:: What is being asked ::
A stretch of the entries below is to be set down exactly, running from the line with "- Convenient and" through the line with "Haki Belden Bağlamalı Ceket/Pantolon Takım", both included, and no other line.

:: Source material ::
>>>>
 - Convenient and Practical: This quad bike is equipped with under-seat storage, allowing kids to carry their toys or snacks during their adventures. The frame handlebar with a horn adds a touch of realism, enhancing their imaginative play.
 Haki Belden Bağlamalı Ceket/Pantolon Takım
<<<<
>>>>
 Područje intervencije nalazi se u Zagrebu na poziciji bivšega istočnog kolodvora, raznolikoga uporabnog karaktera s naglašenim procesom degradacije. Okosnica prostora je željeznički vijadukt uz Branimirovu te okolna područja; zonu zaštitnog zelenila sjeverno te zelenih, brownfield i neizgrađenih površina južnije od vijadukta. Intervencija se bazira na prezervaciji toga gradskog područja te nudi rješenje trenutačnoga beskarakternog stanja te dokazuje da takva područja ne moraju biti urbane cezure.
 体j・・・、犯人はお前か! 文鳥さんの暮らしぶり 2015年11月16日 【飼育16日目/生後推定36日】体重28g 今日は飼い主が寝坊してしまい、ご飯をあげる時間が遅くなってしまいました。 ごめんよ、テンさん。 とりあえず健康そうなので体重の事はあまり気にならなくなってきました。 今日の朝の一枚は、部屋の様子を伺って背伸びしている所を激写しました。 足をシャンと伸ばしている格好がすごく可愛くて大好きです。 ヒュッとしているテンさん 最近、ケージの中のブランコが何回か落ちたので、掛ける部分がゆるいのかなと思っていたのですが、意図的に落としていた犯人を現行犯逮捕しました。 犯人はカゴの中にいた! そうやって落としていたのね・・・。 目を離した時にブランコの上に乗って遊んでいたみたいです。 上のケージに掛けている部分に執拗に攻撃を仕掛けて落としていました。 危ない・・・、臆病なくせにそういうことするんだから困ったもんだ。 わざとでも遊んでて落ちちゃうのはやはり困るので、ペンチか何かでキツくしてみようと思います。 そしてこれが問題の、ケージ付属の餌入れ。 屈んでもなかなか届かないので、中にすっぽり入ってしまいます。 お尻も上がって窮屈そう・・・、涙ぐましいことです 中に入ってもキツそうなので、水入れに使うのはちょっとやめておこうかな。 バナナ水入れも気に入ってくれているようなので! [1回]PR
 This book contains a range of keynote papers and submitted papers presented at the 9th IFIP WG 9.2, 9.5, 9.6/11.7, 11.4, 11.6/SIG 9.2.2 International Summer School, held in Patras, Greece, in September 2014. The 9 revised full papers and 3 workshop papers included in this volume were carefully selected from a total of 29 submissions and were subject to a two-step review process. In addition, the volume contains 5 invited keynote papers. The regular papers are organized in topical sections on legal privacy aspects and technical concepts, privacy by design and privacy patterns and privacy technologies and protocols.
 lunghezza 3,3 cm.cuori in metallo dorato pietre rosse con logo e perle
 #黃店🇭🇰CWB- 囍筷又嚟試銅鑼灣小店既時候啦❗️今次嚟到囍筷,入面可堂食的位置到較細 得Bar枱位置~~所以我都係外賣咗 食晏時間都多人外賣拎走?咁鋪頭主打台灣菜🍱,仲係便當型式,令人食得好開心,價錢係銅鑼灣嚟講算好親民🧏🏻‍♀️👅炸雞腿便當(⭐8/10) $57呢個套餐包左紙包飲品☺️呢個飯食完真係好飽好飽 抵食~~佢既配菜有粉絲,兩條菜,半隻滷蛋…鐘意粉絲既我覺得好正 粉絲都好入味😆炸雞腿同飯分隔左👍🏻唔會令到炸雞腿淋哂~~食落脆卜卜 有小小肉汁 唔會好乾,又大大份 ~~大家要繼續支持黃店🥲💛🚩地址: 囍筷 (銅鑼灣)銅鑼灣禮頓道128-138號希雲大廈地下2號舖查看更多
<<<<
:: Reply ::
 - Convenient and Practical: This quad bike is equipped with under-seat storage, allowing kids to carry their toys or snacks during their adventures. The frame handlebar with a horn adds a touch of realism, enhancing their imaginative play.
 Haki Belden Bağlamalı Ceket/Pantolon Takım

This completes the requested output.